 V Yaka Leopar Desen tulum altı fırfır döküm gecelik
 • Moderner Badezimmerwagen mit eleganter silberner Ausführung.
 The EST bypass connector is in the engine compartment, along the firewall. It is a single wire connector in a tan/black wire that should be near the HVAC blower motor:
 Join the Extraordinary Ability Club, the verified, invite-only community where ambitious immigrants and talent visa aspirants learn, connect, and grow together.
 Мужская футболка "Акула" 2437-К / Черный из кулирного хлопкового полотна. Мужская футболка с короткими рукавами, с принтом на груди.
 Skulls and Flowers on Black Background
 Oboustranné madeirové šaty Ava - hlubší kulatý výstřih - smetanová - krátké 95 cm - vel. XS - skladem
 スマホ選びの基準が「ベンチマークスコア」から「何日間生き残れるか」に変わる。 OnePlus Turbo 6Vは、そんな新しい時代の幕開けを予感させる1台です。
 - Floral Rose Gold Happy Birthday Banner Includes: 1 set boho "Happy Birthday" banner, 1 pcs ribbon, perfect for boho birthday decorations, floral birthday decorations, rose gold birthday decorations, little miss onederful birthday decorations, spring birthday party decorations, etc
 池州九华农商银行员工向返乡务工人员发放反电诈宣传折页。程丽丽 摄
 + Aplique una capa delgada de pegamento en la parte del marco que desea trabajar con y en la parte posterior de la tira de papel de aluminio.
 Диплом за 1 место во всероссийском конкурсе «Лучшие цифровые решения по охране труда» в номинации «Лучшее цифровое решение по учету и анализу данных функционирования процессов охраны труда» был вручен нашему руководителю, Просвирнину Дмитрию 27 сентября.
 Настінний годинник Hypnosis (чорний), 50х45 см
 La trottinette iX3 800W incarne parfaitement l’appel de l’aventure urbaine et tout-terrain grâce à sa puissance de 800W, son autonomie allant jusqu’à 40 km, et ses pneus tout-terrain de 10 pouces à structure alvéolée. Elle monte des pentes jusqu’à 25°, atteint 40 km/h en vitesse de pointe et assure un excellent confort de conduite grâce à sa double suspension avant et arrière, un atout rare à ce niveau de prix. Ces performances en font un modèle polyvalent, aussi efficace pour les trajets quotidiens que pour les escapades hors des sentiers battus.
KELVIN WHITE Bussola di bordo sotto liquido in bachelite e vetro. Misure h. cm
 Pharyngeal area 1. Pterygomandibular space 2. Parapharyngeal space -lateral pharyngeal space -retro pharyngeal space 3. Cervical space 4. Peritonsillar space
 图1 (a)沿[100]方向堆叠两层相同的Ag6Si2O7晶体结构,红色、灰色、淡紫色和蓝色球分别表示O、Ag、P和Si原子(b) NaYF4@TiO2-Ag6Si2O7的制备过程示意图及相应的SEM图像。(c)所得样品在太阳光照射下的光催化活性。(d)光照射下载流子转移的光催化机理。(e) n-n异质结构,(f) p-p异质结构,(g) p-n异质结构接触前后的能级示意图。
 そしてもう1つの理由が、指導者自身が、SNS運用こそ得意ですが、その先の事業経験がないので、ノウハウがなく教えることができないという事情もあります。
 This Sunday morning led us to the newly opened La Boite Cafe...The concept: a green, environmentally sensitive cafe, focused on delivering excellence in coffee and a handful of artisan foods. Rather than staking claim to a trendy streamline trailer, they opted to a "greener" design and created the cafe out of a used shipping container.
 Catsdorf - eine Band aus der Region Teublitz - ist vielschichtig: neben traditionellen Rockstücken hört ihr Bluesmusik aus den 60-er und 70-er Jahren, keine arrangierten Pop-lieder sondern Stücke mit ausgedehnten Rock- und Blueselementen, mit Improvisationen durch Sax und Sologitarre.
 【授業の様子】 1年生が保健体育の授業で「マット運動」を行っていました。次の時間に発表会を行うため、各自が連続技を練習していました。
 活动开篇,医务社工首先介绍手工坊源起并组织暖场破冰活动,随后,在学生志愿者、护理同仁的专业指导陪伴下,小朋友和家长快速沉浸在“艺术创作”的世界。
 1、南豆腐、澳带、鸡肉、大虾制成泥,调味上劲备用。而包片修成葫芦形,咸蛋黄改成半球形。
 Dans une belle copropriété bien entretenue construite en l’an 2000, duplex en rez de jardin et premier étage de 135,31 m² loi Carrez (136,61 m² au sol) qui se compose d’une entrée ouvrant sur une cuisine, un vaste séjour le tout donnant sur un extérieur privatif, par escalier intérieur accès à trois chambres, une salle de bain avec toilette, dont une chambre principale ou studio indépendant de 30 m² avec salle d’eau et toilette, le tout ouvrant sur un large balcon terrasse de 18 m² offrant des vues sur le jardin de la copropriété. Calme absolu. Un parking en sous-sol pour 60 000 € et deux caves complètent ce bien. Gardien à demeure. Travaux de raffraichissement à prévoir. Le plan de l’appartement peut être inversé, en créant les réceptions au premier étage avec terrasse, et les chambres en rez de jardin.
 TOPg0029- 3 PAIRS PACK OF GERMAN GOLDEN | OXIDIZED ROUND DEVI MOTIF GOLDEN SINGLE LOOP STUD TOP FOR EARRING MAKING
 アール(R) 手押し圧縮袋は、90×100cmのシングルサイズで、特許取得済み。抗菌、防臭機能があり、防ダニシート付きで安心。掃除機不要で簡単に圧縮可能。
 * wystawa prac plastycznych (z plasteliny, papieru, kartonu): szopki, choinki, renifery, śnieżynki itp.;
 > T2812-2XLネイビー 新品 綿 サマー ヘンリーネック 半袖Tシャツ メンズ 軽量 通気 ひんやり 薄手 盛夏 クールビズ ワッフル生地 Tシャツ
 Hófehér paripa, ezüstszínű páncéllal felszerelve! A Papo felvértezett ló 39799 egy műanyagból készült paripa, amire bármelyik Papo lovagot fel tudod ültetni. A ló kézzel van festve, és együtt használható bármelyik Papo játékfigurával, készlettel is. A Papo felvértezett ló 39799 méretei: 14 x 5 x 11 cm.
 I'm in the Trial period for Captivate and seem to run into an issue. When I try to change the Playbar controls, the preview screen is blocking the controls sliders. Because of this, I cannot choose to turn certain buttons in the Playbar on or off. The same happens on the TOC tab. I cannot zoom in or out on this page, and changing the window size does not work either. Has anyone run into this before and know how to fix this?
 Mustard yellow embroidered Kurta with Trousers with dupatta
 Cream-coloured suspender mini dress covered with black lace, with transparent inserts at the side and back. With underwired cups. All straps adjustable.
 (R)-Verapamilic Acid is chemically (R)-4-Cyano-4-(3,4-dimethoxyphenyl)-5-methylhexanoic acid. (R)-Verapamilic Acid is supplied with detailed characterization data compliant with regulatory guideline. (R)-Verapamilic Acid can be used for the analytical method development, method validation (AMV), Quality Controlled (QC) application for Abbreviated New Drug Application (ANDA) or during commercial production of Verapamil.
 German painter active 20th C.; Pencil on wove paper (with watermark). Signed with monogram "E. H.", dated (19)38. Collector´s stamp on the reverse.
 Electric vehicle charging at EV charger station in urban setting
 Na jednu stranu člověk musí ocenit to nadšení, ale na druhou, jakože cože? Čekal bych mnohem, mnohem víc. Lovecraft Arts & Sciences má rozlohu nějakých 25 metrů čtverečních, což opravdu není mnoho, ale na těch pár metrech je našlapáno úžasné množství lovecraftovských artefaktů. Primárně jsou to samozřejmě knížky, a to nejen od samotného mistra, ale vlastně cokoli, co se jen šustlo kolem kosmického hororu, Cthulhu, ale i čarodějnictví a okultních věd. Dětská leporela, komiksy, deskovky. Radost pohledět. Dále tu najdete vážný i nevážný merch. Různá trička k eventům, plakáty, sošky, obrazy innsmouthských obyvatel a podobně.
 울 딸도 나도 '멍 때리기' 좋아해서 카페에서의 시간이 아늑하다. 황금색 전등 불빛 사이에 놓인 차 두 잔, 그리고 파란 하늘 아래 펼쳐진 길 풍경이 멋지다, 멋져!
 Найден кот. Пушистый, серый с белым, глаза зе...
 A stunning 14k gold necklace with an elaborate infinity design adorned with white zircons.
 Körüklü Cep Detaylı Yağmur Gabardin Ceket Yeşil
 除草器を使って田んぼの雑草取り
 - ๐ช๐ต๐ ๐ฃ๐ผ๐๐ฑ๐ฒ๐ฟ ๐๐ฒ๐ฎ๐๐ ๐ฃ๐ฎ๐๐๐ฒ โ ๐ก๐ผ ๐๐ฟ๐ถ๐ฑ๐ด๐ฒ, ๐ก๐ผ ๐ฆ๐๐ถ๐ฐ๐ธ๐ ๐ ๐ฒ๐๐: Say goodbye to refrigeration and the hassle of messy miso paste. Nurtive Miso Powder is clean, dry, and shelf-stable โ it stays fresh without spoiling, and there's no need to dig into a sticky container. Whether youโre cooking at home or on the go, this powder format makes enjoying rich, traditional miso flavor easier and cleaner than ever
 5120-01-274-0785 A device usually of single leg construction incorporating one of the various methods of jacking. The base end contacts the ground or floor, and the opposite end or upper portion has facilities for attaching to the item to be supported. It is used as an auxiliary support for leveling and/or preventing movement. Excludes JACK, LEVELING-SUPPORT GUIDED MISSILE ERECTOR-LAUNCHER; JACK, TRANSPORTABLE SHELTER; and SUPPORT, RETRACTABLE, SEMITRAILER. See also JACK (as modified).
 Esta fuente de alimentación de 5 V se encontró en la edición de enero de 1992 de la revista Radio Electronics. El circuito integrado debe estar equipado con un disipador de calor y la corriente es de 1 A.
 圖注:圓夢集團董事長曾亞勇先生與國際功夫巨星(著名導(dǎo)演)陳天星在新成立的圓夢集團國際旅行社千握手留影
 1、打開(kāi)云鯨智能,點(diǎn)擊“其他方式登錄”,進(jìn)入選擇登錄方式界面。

> _Exercise requirements_
Taking the entries above, write out exactly each line from the one holding "Catsdorf - eine" to the one holding "活动开篇,医务社工首先介绍手", both included, and stop there.

> _Result of this exercise_
 Catsdorf - eine Band aus der Region Teublitz - ist vielschichtig: neben traditionellen Rockstücken hört ihr Bluesmusik aus den 60-er und 70-er Jahren, keine arrangierten Pop-lieder sondern Stücke mit ausgedehnten Rock- und Blueselementen, mit Improvisationen durch Sax und Sologitarre.
 【授業の様子】 1年生が保健体育の授業で「マット運動」を行っていました。次の時間に発表会を行うため、各自が連続技を練習していました。
 活动开篇,医务社工首先介绍手工坊源起并组织暖场破冰活动,随后,在学生志愿者、护理同仁的专业指导陪伴下,小朋友和家长快速沉浸在“艺术创作”的世界。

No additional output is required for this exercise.